- _GIVEN DATA_
++++++++++
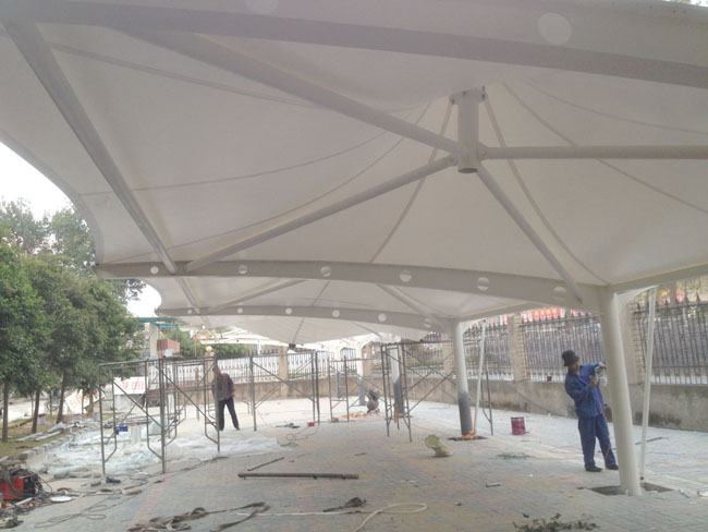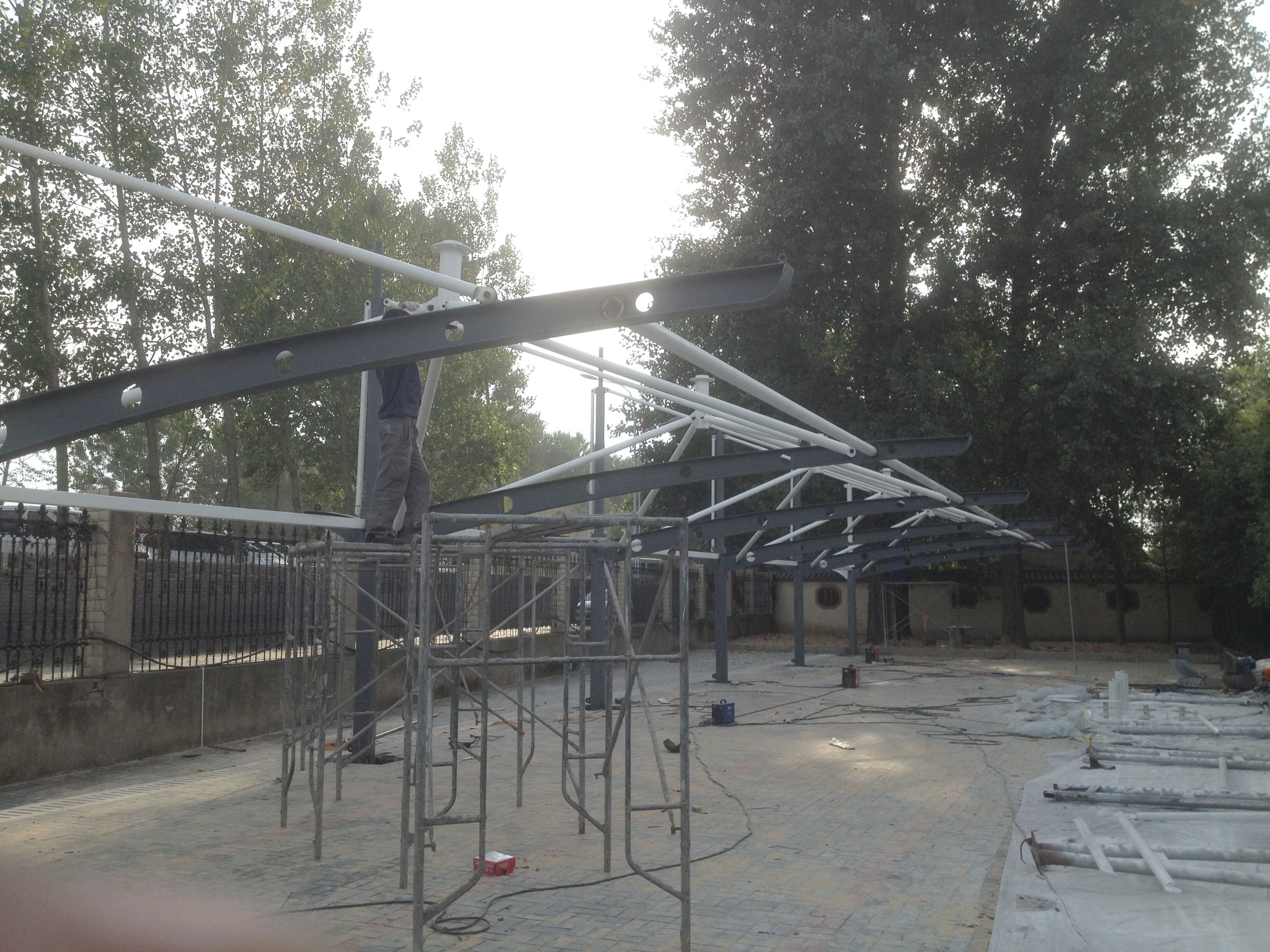 安裝細(xì)節(jié):主體為鋼構(gòu)焊接,采用主框架與部分結(jié)構(gòu)同步安裝施工,油漆現(xiàn)場(chǎng)作業(yè)完成。膜布廠內(nèi)加工成品現(xiàn)場(chǎng)安裝細(xì)節(jié)處理。需膜結(jié)構(gòu)車棚可以咨詢我司,詳情電話:4008-613-119(客服熱線)
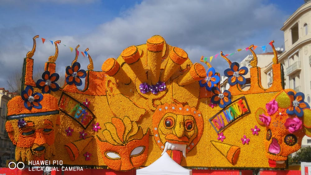 La domenica il gruppo si è diretto verso Mentone, per assistere alla festa dei limoni, che si tiene dal 1933. Nel 1929, la città di Mentone è ancora la prima produttrice di limone in tutto il continente. Un albergatore ebbe l’idea di organizzare un’esposizione di fiori ed agrumi nei giardini dell’Hotel Riviera.
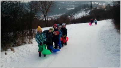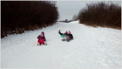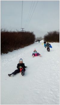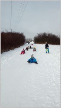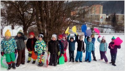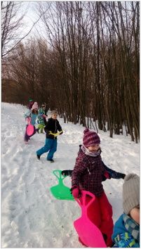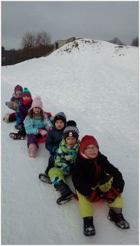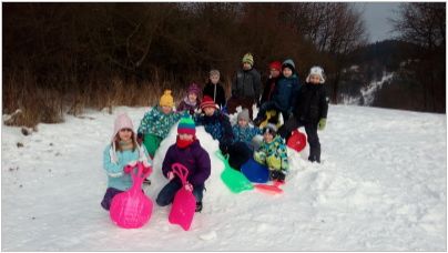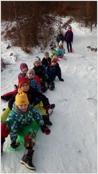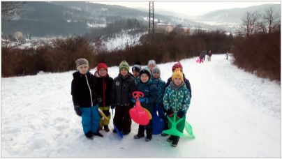 V pátek 20. ledna jsme vyrazili s lopatami na sychrovský kopec. Sněhová pokrývka byla pěkně uježděná, tak dětem nic nebránilo, předvést svou nejrychlejší jízdu. Jezdilo se jednotlivě, ve dvojici i ve vláčku. Všem se sjezdy dařily a děti si při nich užily spoustu legrace.
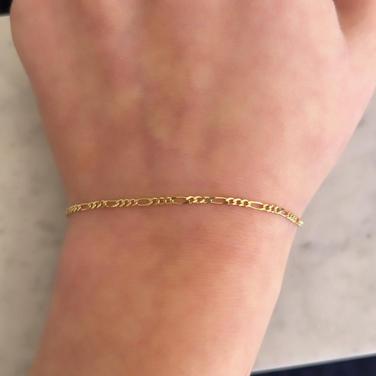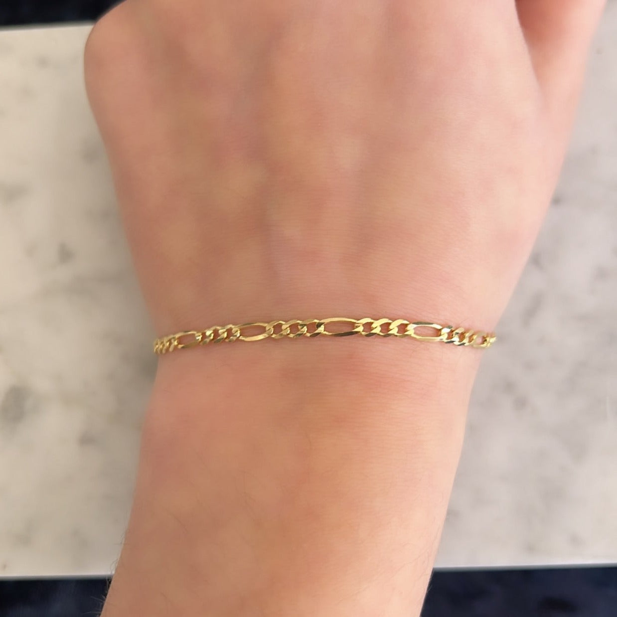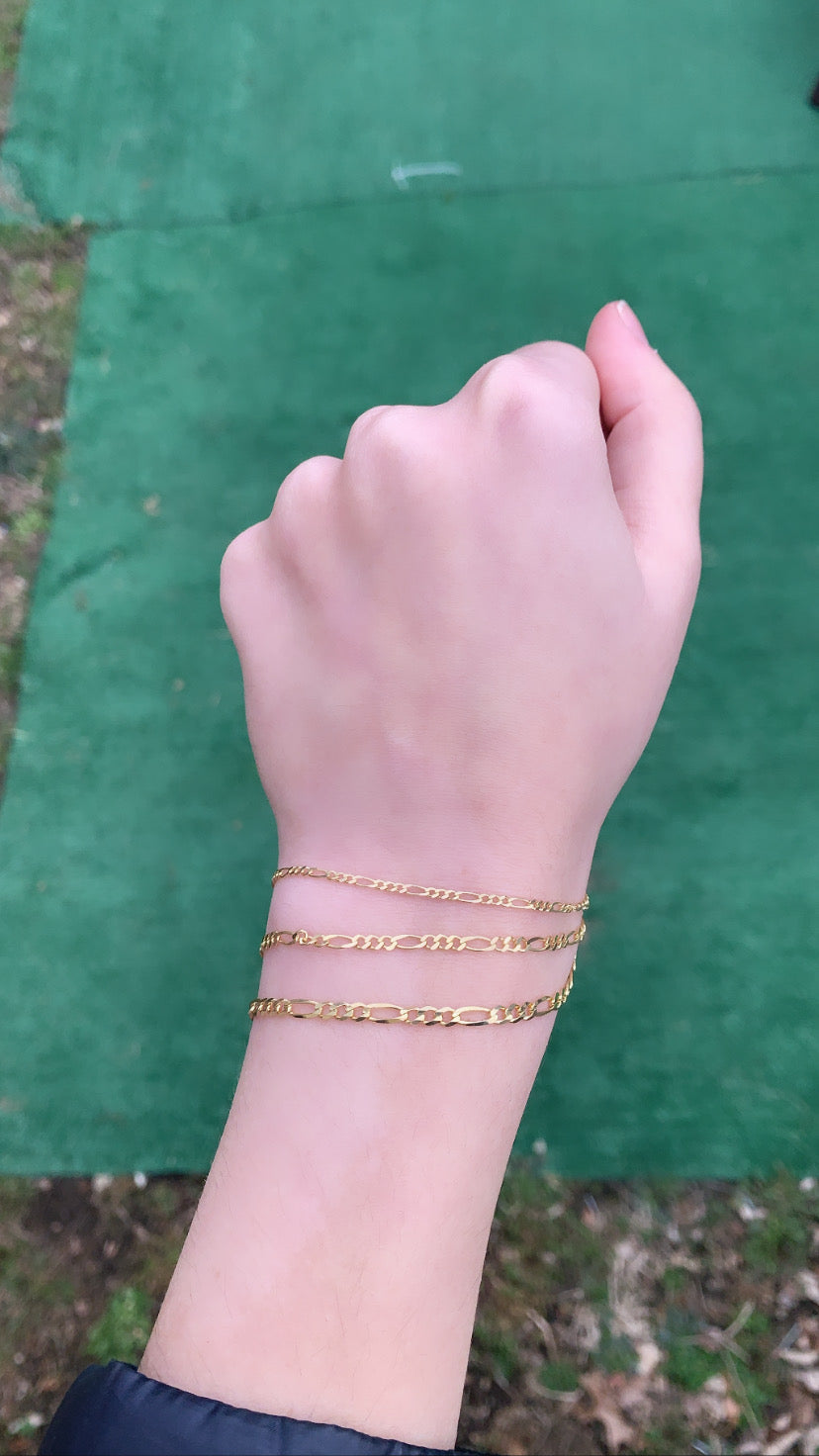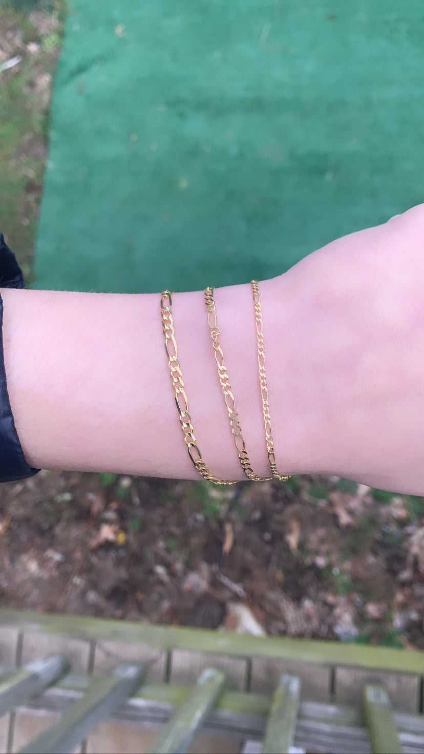 14k Solid Yellow Gold Figaro Link Bracelet 1.9mm, 2.8mm, 3.0mm, 3.8mm, 4.5mm, 6mm
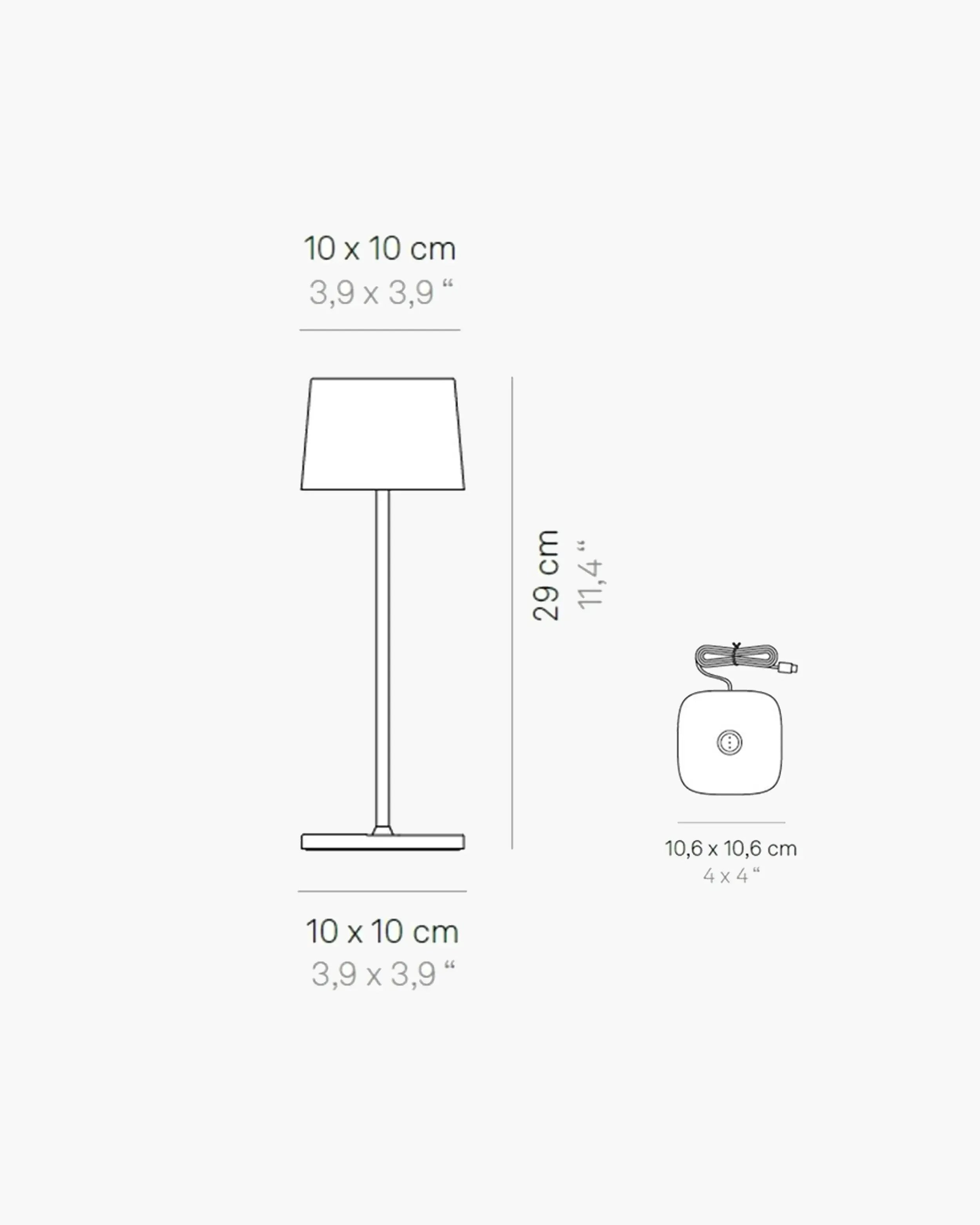 مصباح الطاولة Zafferano Ofelia مصمم للراحة. يوفر هذا المصباح القابل لإعادة الشحن إضاءة مستمرة تصل إلى 9 ساعات ويتطلب فقط 6 ساعات للشحن الكامل باستخدام قاعدة الشحن التلامسية المرفقة. تتوفر أيضًا ملحقات إضافية مثل قاعدة شحن متعددة التلامس أو شاحن USB متعدد المنافذ لضمان استعدادك دائمًا. مثالي للإضاءة أثناء التنقل أو كإضافة دائمة لمنزلك، هذا المصباح هو قطعة رئيسية في مجموعة الإضاءة Zafferano lighting.
++++++++++
Write out every line of the entries above exactly, and omit their pictures.

 安裝細(xì)節(jié):主體為鋼構(gòu)焊接,采用主框架與部分結(jié)構(gòu)同步安裝施工,油漆現(xiàn)場(chǎng)作業(yè)完成。膜布廠內(nèi)加工成品現(xiàn)場(chǎng)安裝細(xì)節(jié)處理。需膜結(jié)構(gòu)車棚可以咨詢我司,詳情電話:4008-613-119(客服熱線)
 La domenica il gruppo si è diretto verso Mentone, per assistere alla festa dei limoni, che si tiene dal 1933. Nel 1929, la città di Mentone è ancora la prima produttrice di limone in tutto il continente. Un albergatore ebbe l’idea di organizzare un’esposizione di fiori ed agrumi nei giardini dell’Hotel Riviera.
 V pátek 20. ledna jsme vyrazili s lopatami na sychrovský kopec. Sněhová pokrývka byla pěkně uježděná, tak dětem nic nebránilo, předvést svou nejrychlejší jízdu. Jezdilo se jednotlivě, ve dvojici i ve vláčku. Všem se sjezdy dařily a děti si při nich užily spoustu legrace.
 14k Solid Yellow Gold Figaro Link Bracelet 1.9mm, 2.8mm, 3.0mm, 3.8mm, 4.5mm, 6mm
 مصباح الطاولة Zafferano Ofelia مصمم للراحة. يوفر هذا المصباح القابل لإعادة الشحن إضاءة مستمرة تصل إلى 9 ساعات ويتطلب فقط 6 ساعات للشحن الكامل باستخدام قاعدة الشحن التلامسية المرفقة. تتوفر أيضًا ملحقات إضافية مثل قاعدة شحن متعددة التلامس أو شاحن USB متعدد المنافذ لضمان استعدادك دائمًا. مثالي للإضاءة أثناء التنقل أو كإضافة دائمة لمنزلك، هذا المصباح هو قطعة رئيسية في مجموعة الإضاءة Zafferano lighting.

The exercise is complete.